Non-Bookish Saturday Post: Calico

I ran a survey in the previous post of this type : Non-Bookish Sunday Post: Lost Ruins of Arnak. There were so many people who stopped by, but only six voted in the poll, and I wonder why!

Either way, the majority of the six votes voted for the first Sunday of the month. I know that it is not yet Sunday where I live but I think it seemed appropriate to start the year with this type of post. Hence the name change.

I had my eye on this game for quite a while. I do not remember now when and where I saw it first, but the colours and the components seemed very attractive to the eye. I only learnt the game mechanisms after I purchased it.

I will not draw out this post by going into too many tangents but this is another game (like the last post) that we have not been able to play just one round of and move on. Every time it feels like there is but one better move that might have altered the entire result.

The game is quite simple and in one or two small ways reminds me of Azul (another game I own which I might review next month). It is simple but deceptively so, as it is easy for anyone to get into a zone and over-focus on one thing and miss out on any other opportunities that might come their way.

There are three ways to score (as shown in the picture above). The picking up and using of the coins is not as complicated in the least

  • The cat is only interested in the design. If the design fulfils the cat’s criteria, a cat with the points printed behind it will take residence on your quilt.
  • If you line up three or more of the same colour you get a button. Each button is another three points
  • Finally, we have the central scoring mechanism (pun intended). There are six options, out of which for a single game you use only three. They list out a seperate requirement. The letters refer to either the design and/or the colour. My best quilt till date will clarify further. I removed the buttons and the cats to show the achievements around the goals. I achieved all three for the first time ever. I found this image to be the best way to explain to anyone who gets confused about the design and/or aspect.

Finally, the game comes with scenarios that can be used for any game between 1-4 players but I have been personally working on them as a solo mission. It works pretty great as a solo game, and the scenarios are pretty hard to achieve. They dictate which cat, which set of goals, how many/much of them, how many buttons and how many total points to have at the end to name a few of the options. The replayability in any form is enormous and I have played it more often than all the games I have owned for five years longer- which is saying a lot.

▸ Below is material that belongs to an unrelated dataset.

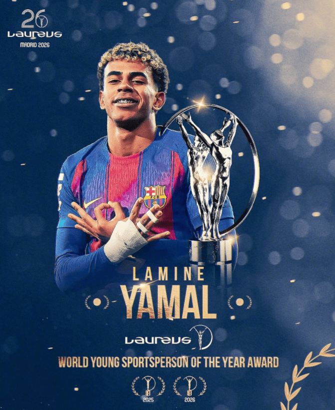 劳伦斯将今日举行颁奖典礼。巴萨前锋亚马尔获得大奖,他拿到了2026年度最佳青年运动员奖。这个奖项是今年首次设立,亚马尔成为首位获奖者。去年的时候,亚马尔获得年度最佳突破奖。亚马尔未来能够获得年度最佳男运动员吗?拭目以待!法甲豪门巴黎圣日耳曼则获得年度最佳团队奖。巴黎圣日耳曼在去年达成6冠王成就,赢得了欧冠、法甲、法国杯、法超杯、欧超杯和洲际杯的冠军,获奖实至名归!

The same designers and publishers have made a less constrained version as a new release this year called Cascadia. The theme is different and it seems to play differently but since I haven’t actually tried it myself, this is all I can say about it.

I love the ‘aha’ moment on a player’s face when it clicks as to how they can manipulate any given goal requirement to their benefit. It is highly satisfying. I recommend it to people who like quiet introspective games with outbursts of protests when people realise a mistake they previously made 😀

Have you played this? Do you like it? Would you suggest I buy Cascadia too? My semi-gaming interested husband liked the scoring mechanism enough to actually suggest we should get that too!